I have above shown that not only is there scriptural and historical evidence of Sunday Sabbaths, but that Jesus kept them many times in His life. If Jesus kept Sunday as a holy Sabbath rest day along with all Israel, then it is not against God's will for Christians to do so.

Keep this in mind as you read part III of the review that I will be posting soon! Blessings.


Unknown said...

Hi Teresa Beem.
I hope all is well. Does the term 'first day' in the Passover Sabbath refer to the first day of the week (sunday) or first day of the festival, which could begin on any day of the week?.
God bless

Teresa Beem said...

Hello J, yes all is well, thank you. And you?

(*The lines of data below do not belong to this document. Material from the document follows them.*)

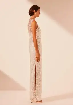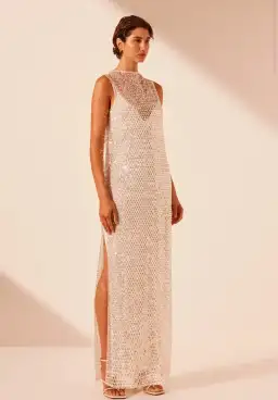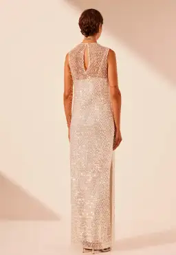 Shona Joy Asteri High Neck Sleeveless Maxi Dress Silver Size 8
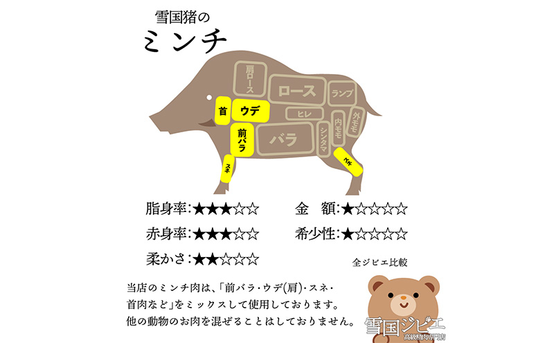 ※ 雪国イノシシは「ミンチ(ひき肉)」の他に、「ロース・肩ロース・ランプ・バラ・外モモ・内モモ・シンタマ」のお礼品登録もございます。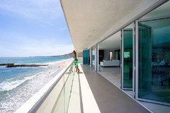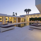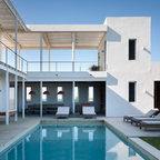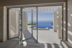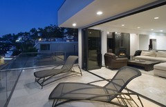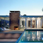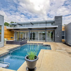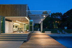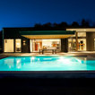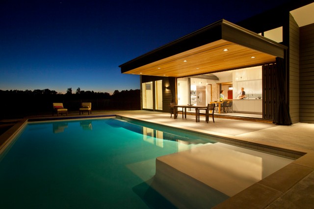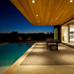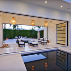 Fully retractable Panda doors open to a sheltered dining area. The cantilevered roof extends 15 feet out to the pool’s edge. Curtain-like screens hang from a track that runs around the perimeter of the cantilever, providing a defense against bugs when people are seated at the table.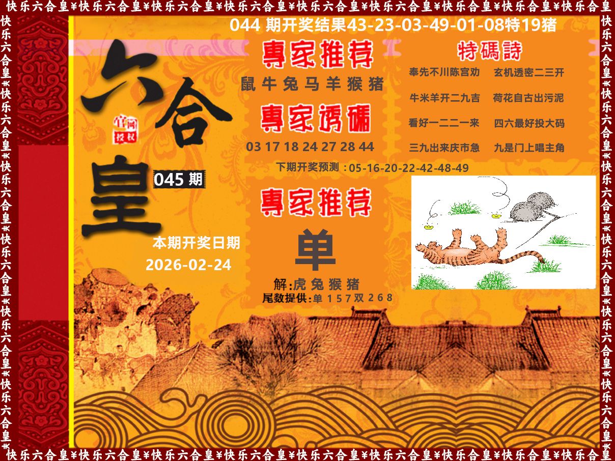 044期:★必中六肖★ 《【虎羊蛇猪狗兔】》开:19猪准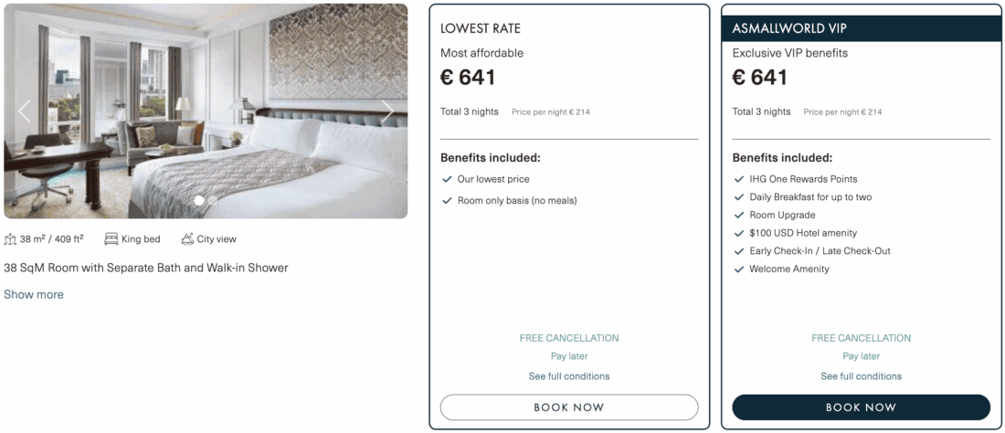 Browsing through ASMALLWORLD, we’ve notice that the price of the InterContinental Singapore drops significantly when staying for 3 nights. While there isn’t a 3-for-2 sale being advertised currently, something along those lines seems to be going on in the background. Prices start at €214 per night, including breakfast and US$100 (~€85) to spend at the hotel. Furthermore, this is a flex rate (cancellable up to 2 days before arrival), which is also eligible to earn IHG points and nights.

Israel did not have a weekly calendar like we do today. Their weeks, months and years were not connected with a Roman system introduced centuries later. The Hebrew Passover celebration began and ended according to the positions of the sun, moon and stars. Therefore it was utterly disconnected to a Sunday, Monday, etc. The term "first" day may be the first day of the lunar week or it could mean the first day of the festival, but because of their system, it meant the same, since the heavens declared when the festival started.